Three ways to calculate distances in R

February 7, 2020
By

[This article was first published on Bluecology blog, and kindly contributed to R-bloggers]. (You can report issue about the content on this page here)
Want to share your content on R-bloggers? click here if you have a blog, or here if you don't.

Three ways to calculate distances in R

Calculating a distance on a map sounds straightforward, but it can be
confusing how many different ways there are to do this in R.

This complexity arises because there are different ways of defining
‘distance’ on the Earth’s surface.

The Earth is spherical. So do you want to calculate distances around the
sphere (‘great circle distances’) or distances on a map (‘Euclidean
distances’).

Then there are barriers. For example, for distances in the ocean, we
often want to know the nearest distance around islands.

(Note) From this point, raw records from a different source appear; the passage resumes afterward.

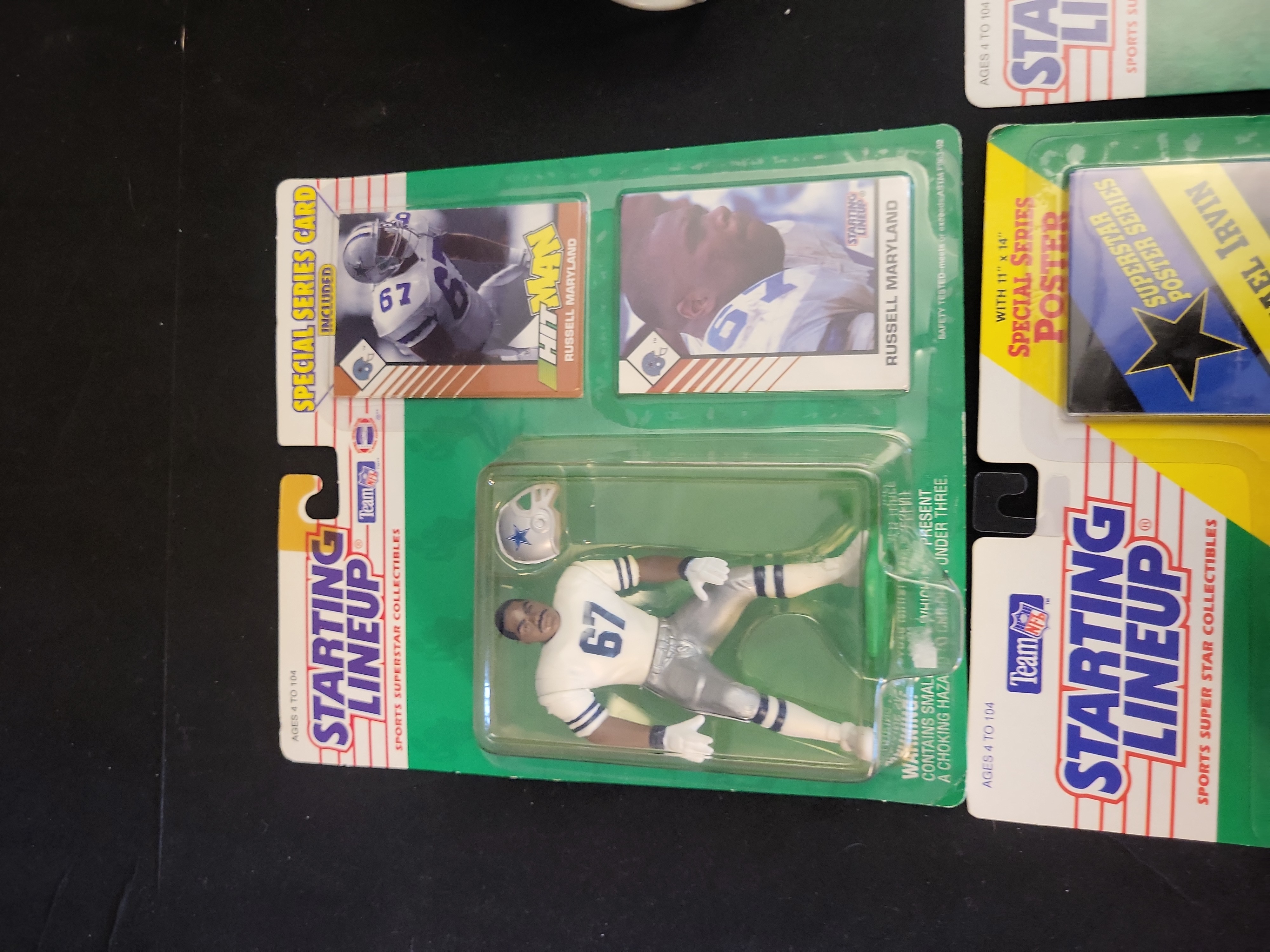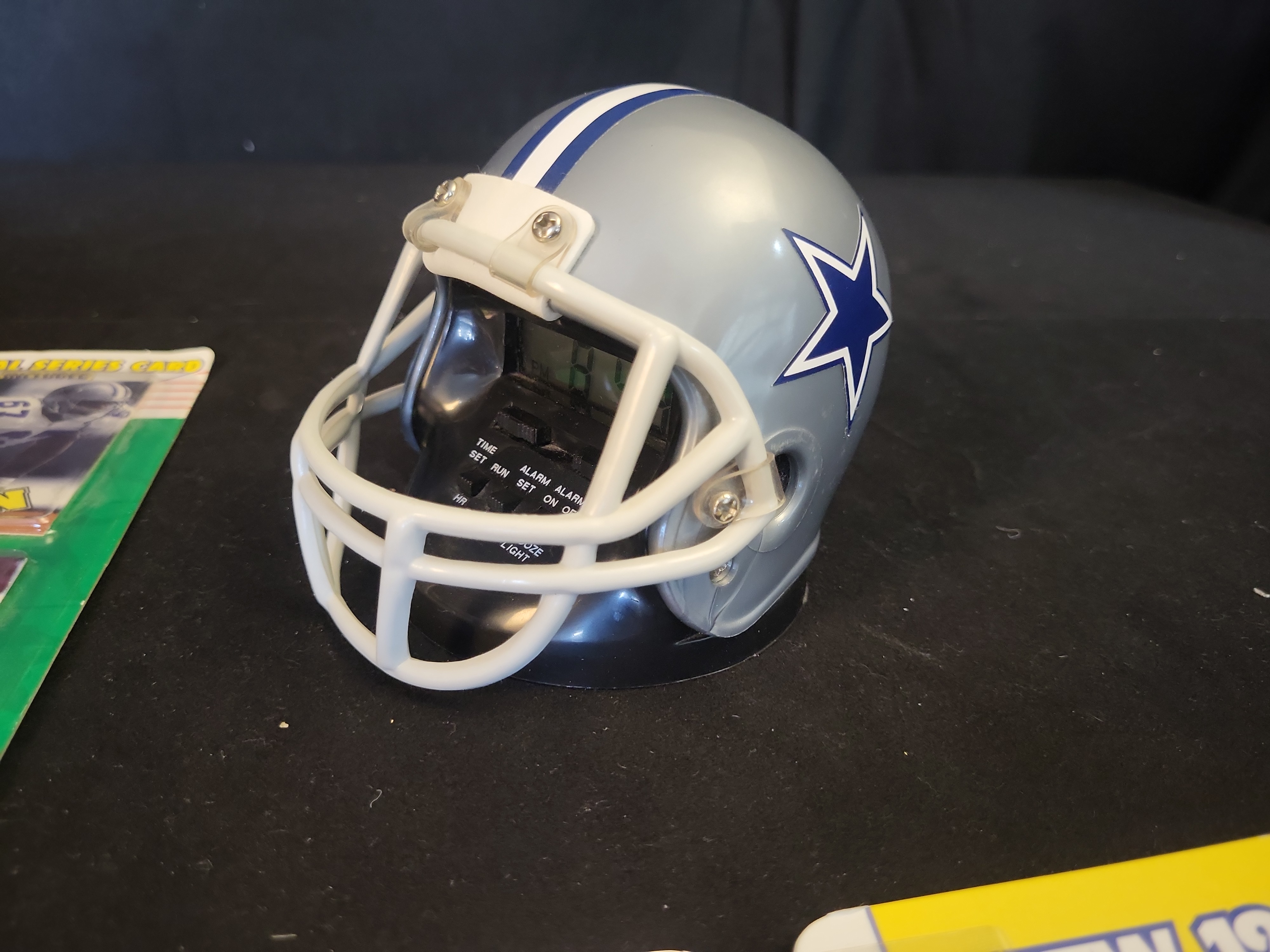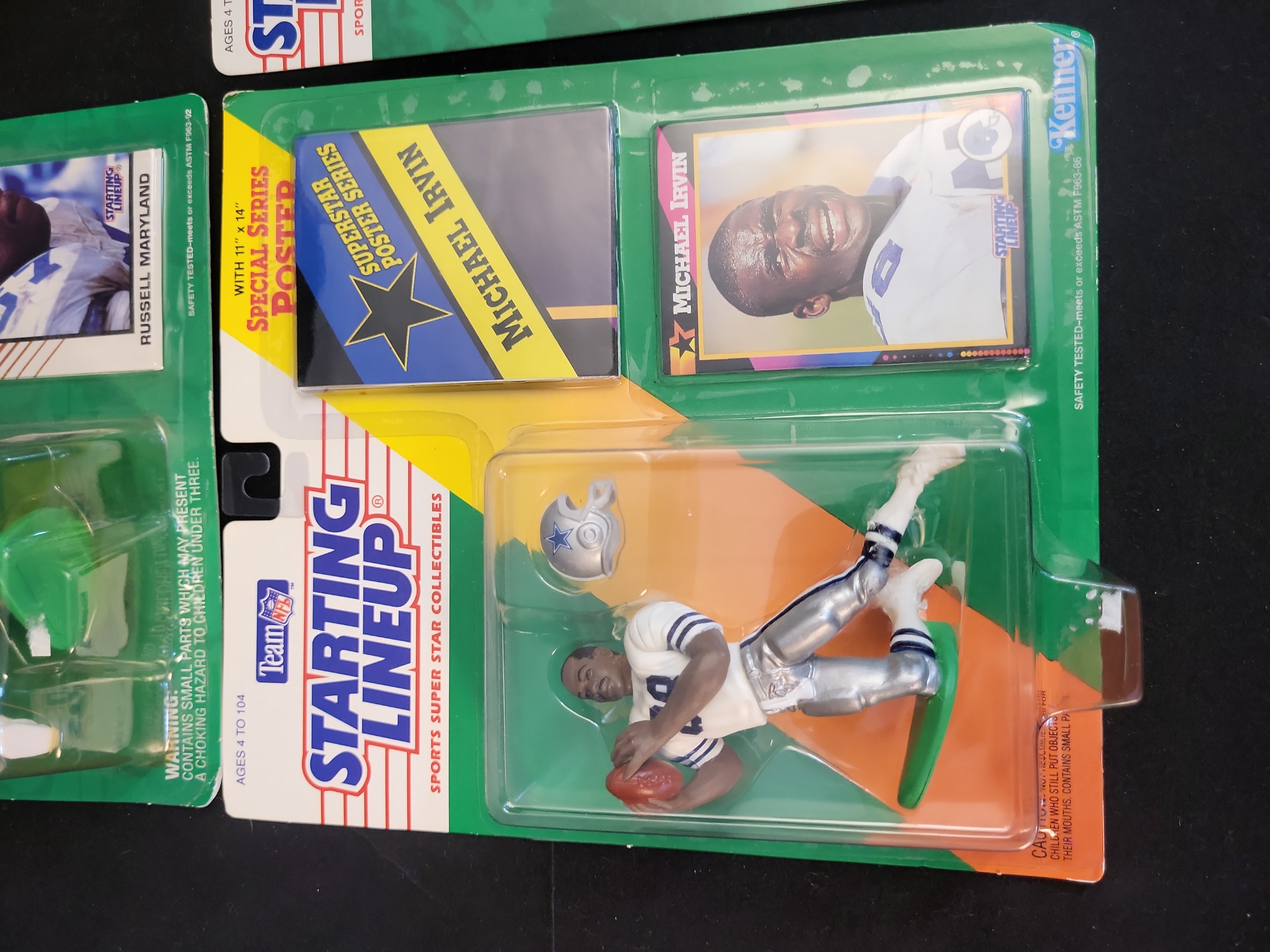 BID PER WHAT YOU SEE IN THE PHOTO, NOT THE AI GENERATED TITLES AND DESCRIPTIONS! Michael Irvin and Dallas Cowboys Kenner Starting Lineup Figures and Helmet Clock Lot, Unsigned
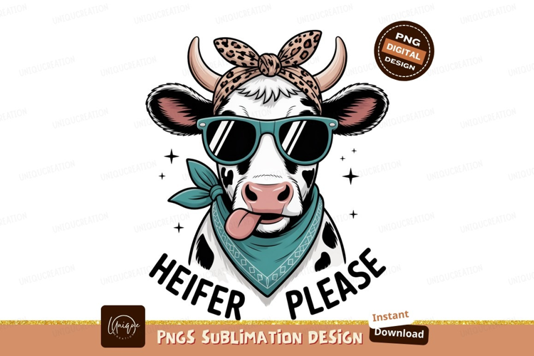 Cool cow wearing bandana sunglasses tongue black example image 1
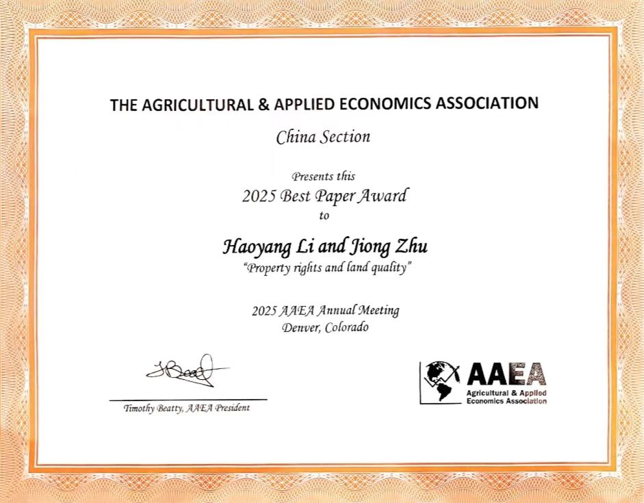 近日,美国农业与应用经济学会中国分会公布了2025年最佳论文奖,南京农业大学经济管理学院李昊洋教授的合作论文《Property Rights and Land Quality》获此奖项。
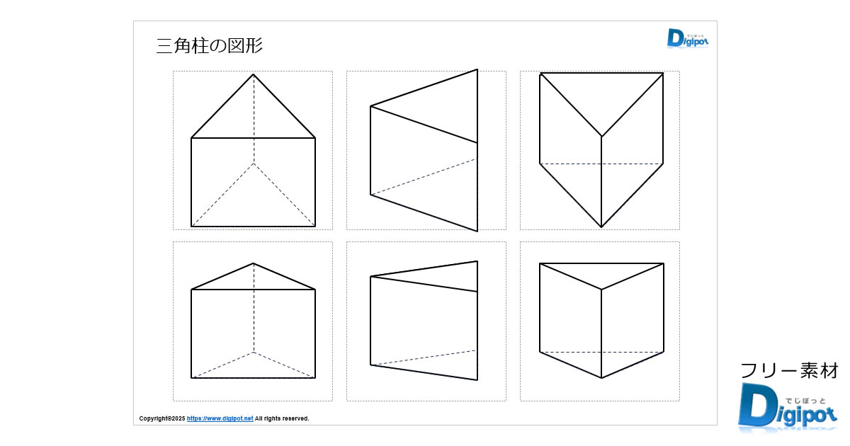 フリー、無料で使える三角柱の図形画像です。パワーポイントPPTX形式、PNG透明ファイル形式、エクセルXLSX形式、ワードDOCX形式ファイルで作成しています。
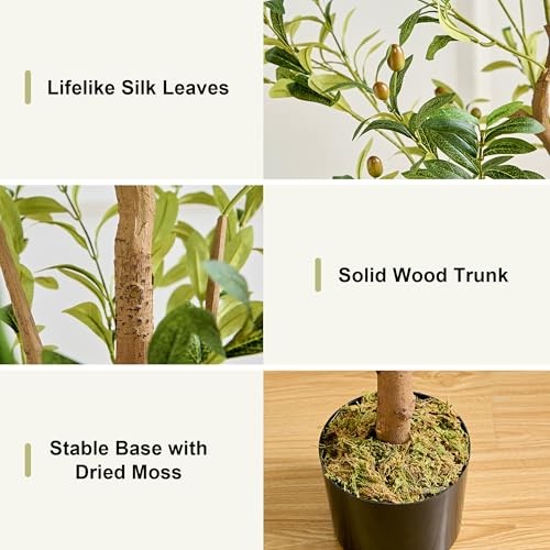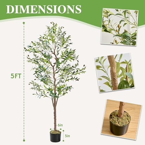 5FT Tall Artificial Olive Tree in Black Planter for Indoor Decor
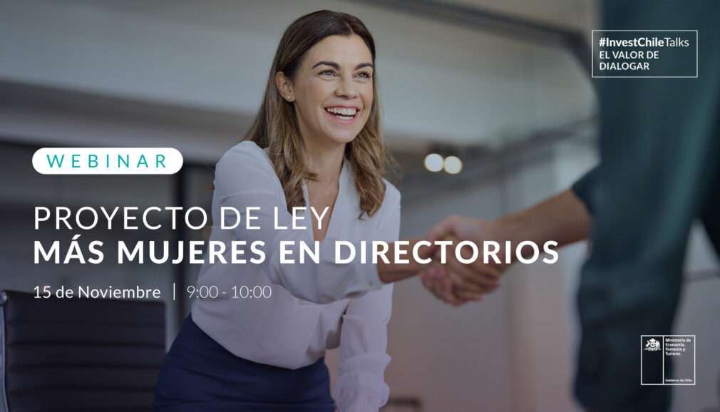 El año 2022 fue presentado al Congreso el proyecto de ley “Más Mujeres en Directorios”, que busca aumentar gradualmente su participación en directorios de empresas abiertas y especiales. En el marco de este proyecto de ley, InvestChile y el Ministerio de Economía, Fomento y Turismo le invitan a participar del Webinar: Proyecto de ley más mujeres en directorios: alcances y aspectos claves, el cual se llevará a cabo el día miércoles 15 de noviembre a las 9:00 am.

Then there is the added complexity of the different spatial data types.
Here we will just look at points, but these same concepts apply to other
data types, like shapes.

Example data

Let’s look at some example data. It is just a series of points across
the island of Tasmania. We are going to calculate how far apart these
points are from each other.

We’ll use sf for spatial data and tmap for mapping.

Here’s a map:

tm_shape(stas) +
  tm_polygons() +
  tm_graticules(col = "grey60") +
  tm_shape(pts) +
  tm_symbols(col = "black") +
  tm_scale_bar(position = c("left", "bottom")) +
  tm_shape(pts) +
  tm_text("pt", ymod = -1)

Note I’ve included a scale bar, but of course the distance between
longitude lines gets closer at higher latitudes.

Great circle distances

The first method is to calculate great circle distances, that account
for the curvature of the earth. If we use st_distance() with
unprojected coordinates (ie in lon-lat) then we get great circle
distances (in metres).

m <- st_distance(pts)
m/1000

## Units: [m]
##          [,1]     [,2]      [,3]
## [1,]    0.000 821.5470 1200.7406
## [2,]  821.547   0.0000  419.5004
## [3,] 1200.741 419.5004    0.0000

The matrix m gives the distances between points (we divided by 1000 to
get distances in KM).

Euclidean distances

Another option is to first project the points to a projection that
preserves distances and then calculate the distances. This option is
computationally faster, but can be less accurate, as we will see.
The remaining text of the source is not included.